Matthew Perrone of the Associated Press:
--informs us that of the top 10 settlements paid to the US Dept. of Justice to settle claims of fraud in the past year, 8 were paid by drug firms. (Just to be sure that health care was fully represented, an insurer and a hospital chain filled out the list of 10.)
I have been trying to log in these settlement announcements as they arise, as regular readers of this blog know. Perrone's overall summary of the last year of activity drives home the point we pharmascolds have been stressing for some time--the number of such fraud charges and settlements strongly hints that whatever is going on here is not a matter of an occasional aberration or a few bad apples in the barrel.

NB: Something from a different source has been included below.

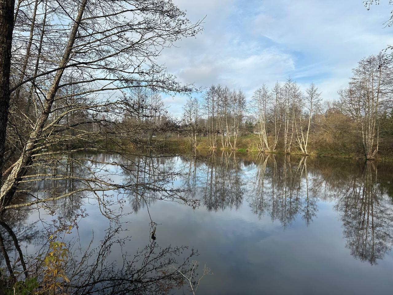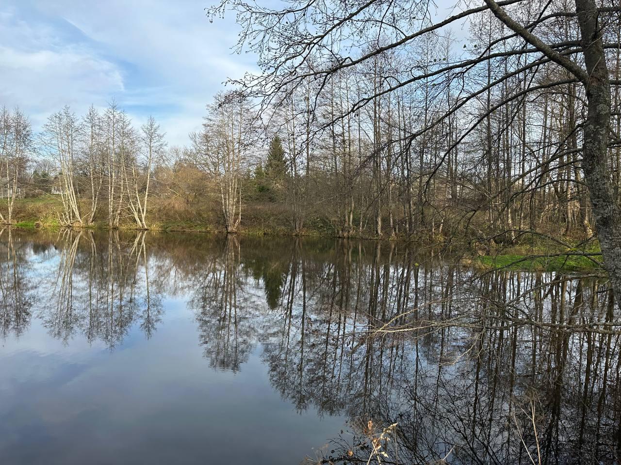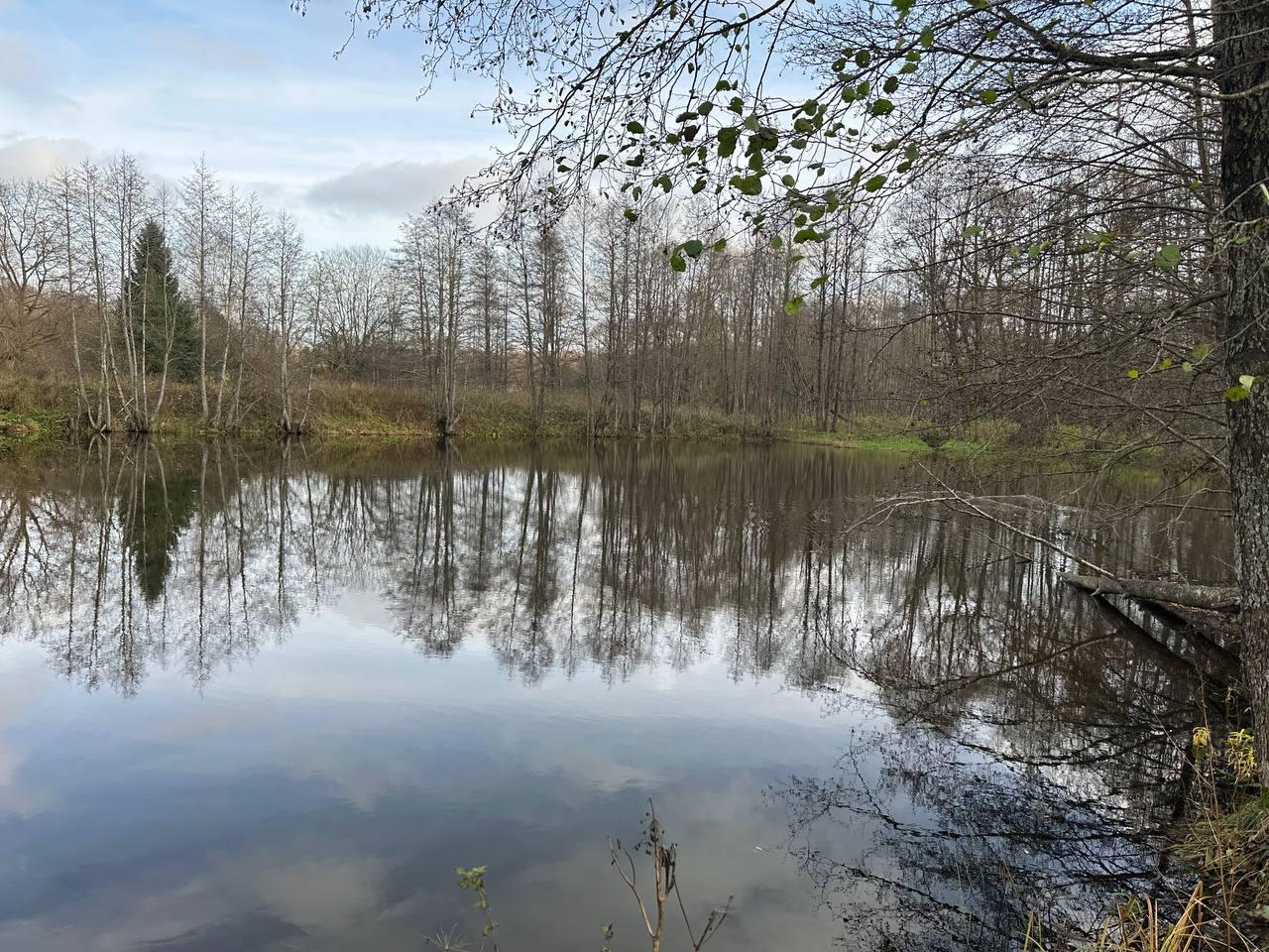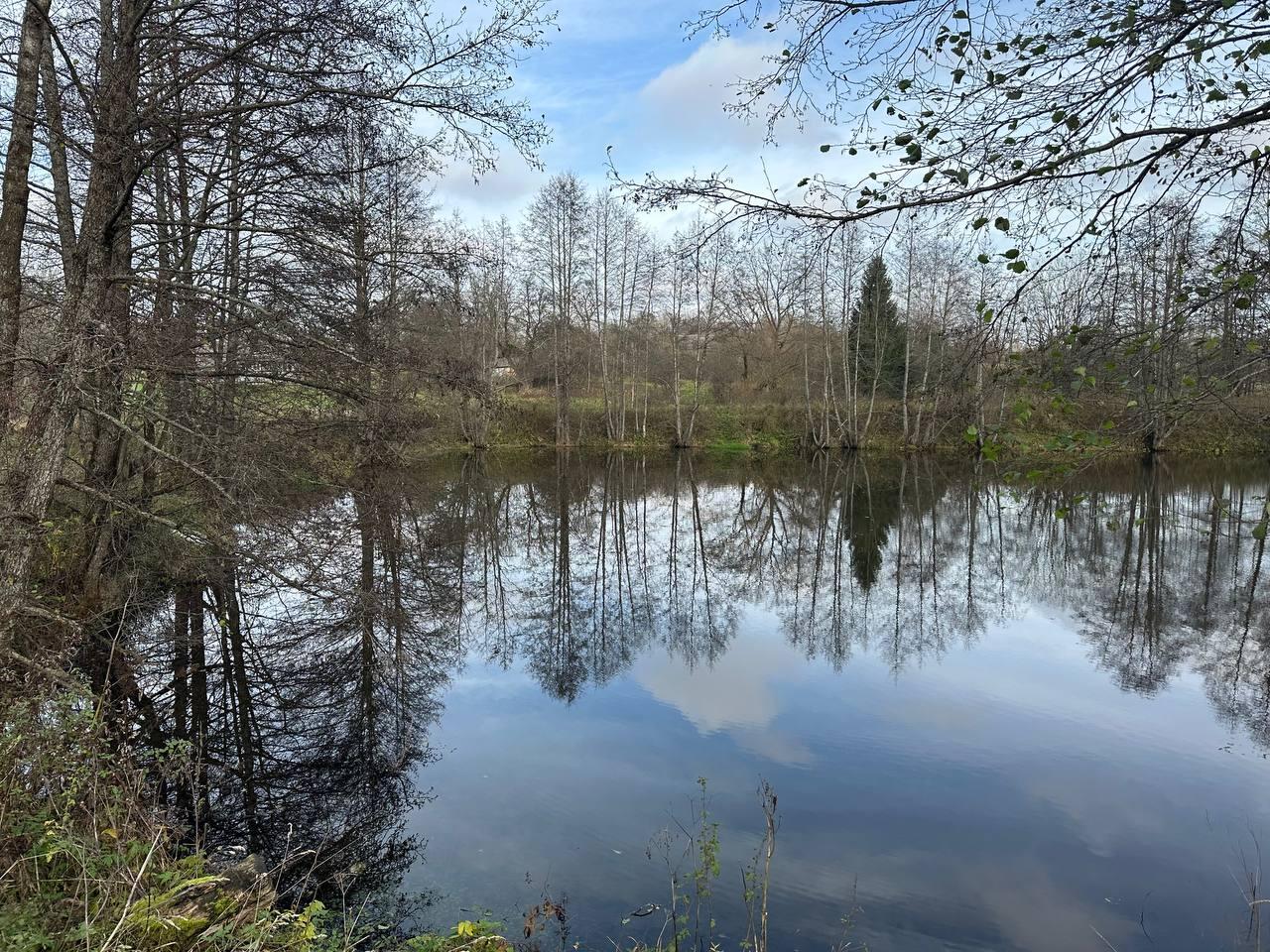 Участок располагается практически на хуторе (всего один сосед) и имеет выход к озеру, рядом протекает ручей.

Rather it seems as if the business policies that lead to the fraudulent or near-fraudulent behavior are standard default practices among the pharmaceutical industry, and that the cost of paying out these sums to DOJ or whomever is simply toted up as part of the cost of doing business.
Incidentally, so far as I can tell, Perrone's "top 10" list was compiled before it was announced earlier today that GlaxoSmithKline is paying $750 million to settle criminal and civil charges related to massive contamination and product-quality problems in a large manufacturing plant in Puerto Rico (that the company reports was closed in 2009):
This is a bit of change of pace as the usual fraud charge has been off-label marketing. It is also more worrisome, as we have tended to assume that while the big drug firms really want to push their pills so that more docs will prescribe them, at least they make good-quality pills. If pressures to turn big profits are now causing the firms increasingly not only to over-market, but also to skimp on quality and safety, then we are in a worse mess than we imagined.